◆ Source data:
- Opening Delimiter -
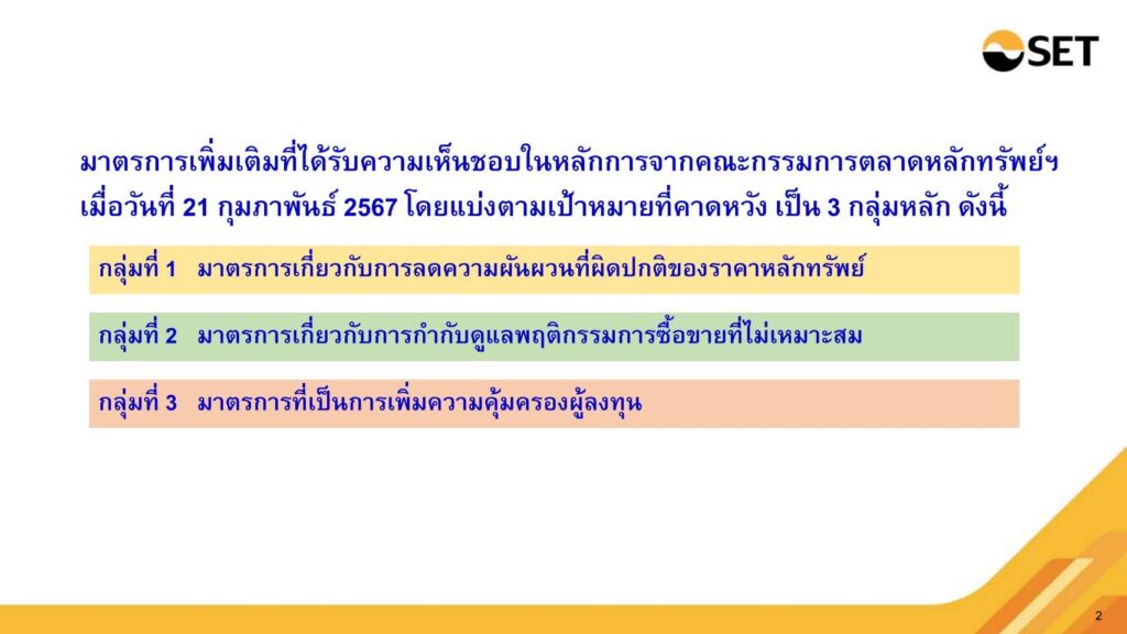 2.มาตรการเกี่ยวกับการกำกับดูแลพฤติกรรมการซื้อขายที่ไม่เหมาะสม
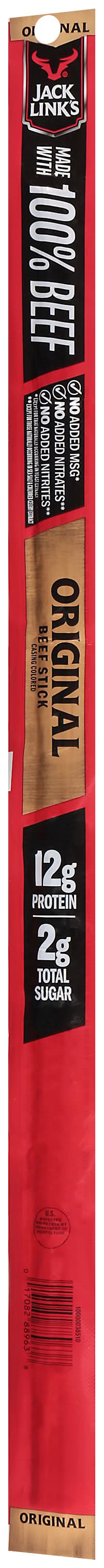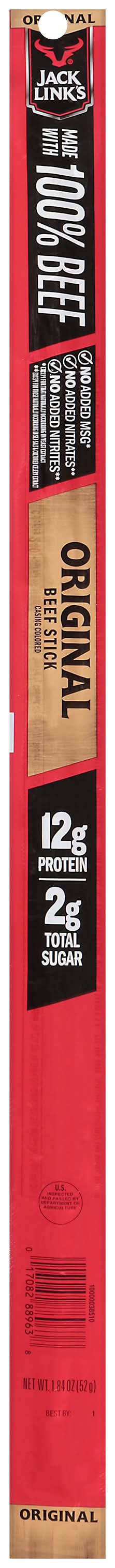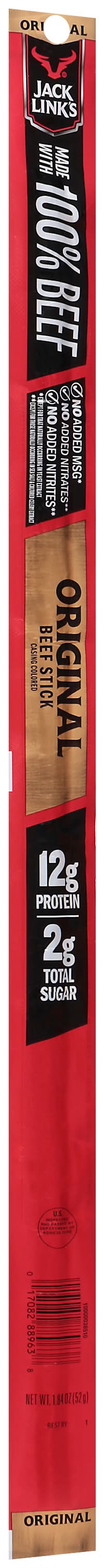 It offers a savory snacking experience with its 13 grams of protein and only 2 grams of sugar per serving. Crafted using 100% beef, this snack is free from added MSG, nitrates, and nitrites. Each beef stick is encased in a colored casing and has been inspected and approved by the U.S. Department of Agriculture to ensure quality and safety. Brand: Jack link's
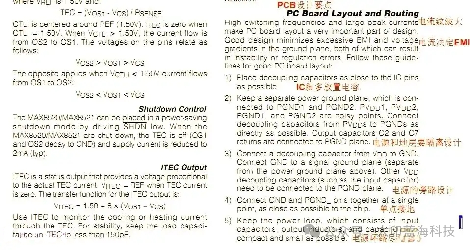 在以集成芯片为核心的TEC控制应用中,我们简要探讨了 PID反馈控制设计和PCB布局设计的关键性。PID设计可参考典型案例,并结合实际样板结果进行精细调试。而PCB布局方面,则需特别关注大功率回路的隔离、散热以及电磁干扰(EMI)的防范措施。
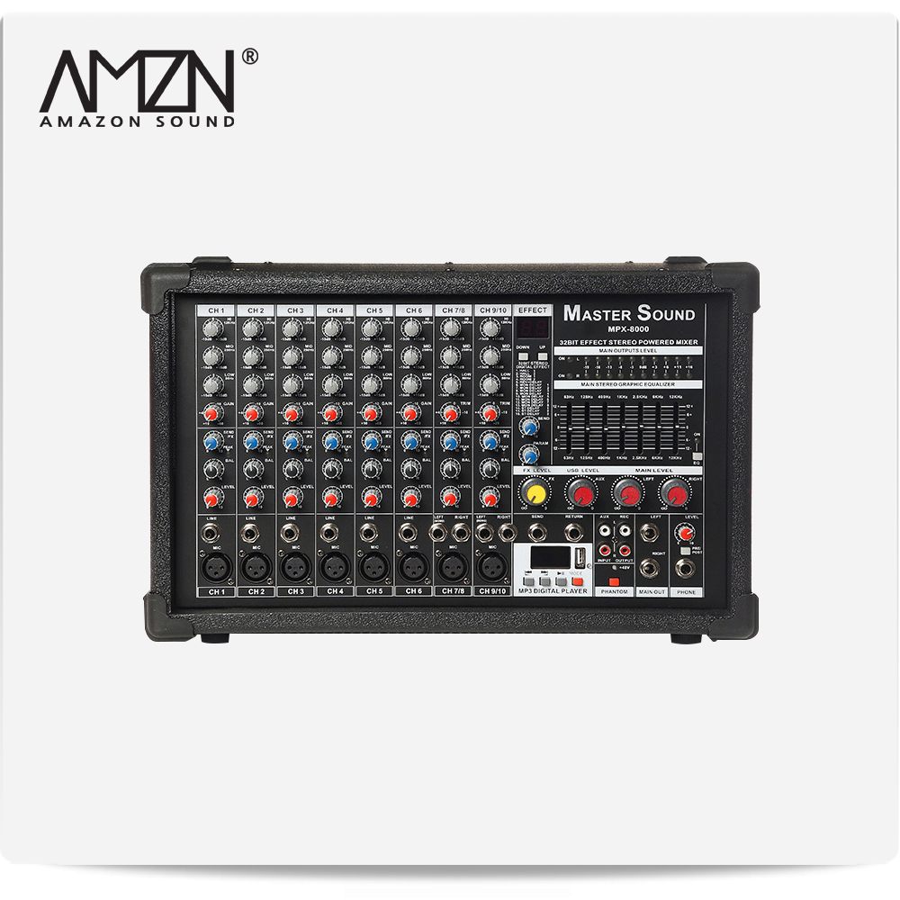 MPX-8000 MPX8000 800W 10채널 파워드믹서 앰프내장형믹서 MIC AUX USB 기능
- Closing Delimiter -
The preceding listing must be repeated exactly, with all images dropped.

◆ Answer area:
 2.มาตรการเกี่ยวกับการกำกับดูแลพฤติกรรมการซื้อขายที่ไม่เหมาะสม
 It offers a savory snacking experience with its 13 grams of protein and only 2 grams of sugar per serving. Crafted using 100% beef, this snack is free from added MSG, nitrates, and nitrites. Each beef stick is encased in a colored casing and has been inspected and approved by the U.S. Department of Agriculture to ensure quality and safety. Brand: Jack link's
 在以集成芯片为核心的TEC控制应用中,我们简要探讨了 PID反馈控制设计和PCB布局设计的关键性。PID设计可参考典型案例,并结合实际样板结果进行精细调试。而PCB布局方面,则需特别关注大功率回路的隔离、散热以及电磁干扰(EMI)的防范措施。
 MPX-8000 MPX8000 800W 10채널 파워드믹서 앰프내장형믹서 MIC AUX USB 기능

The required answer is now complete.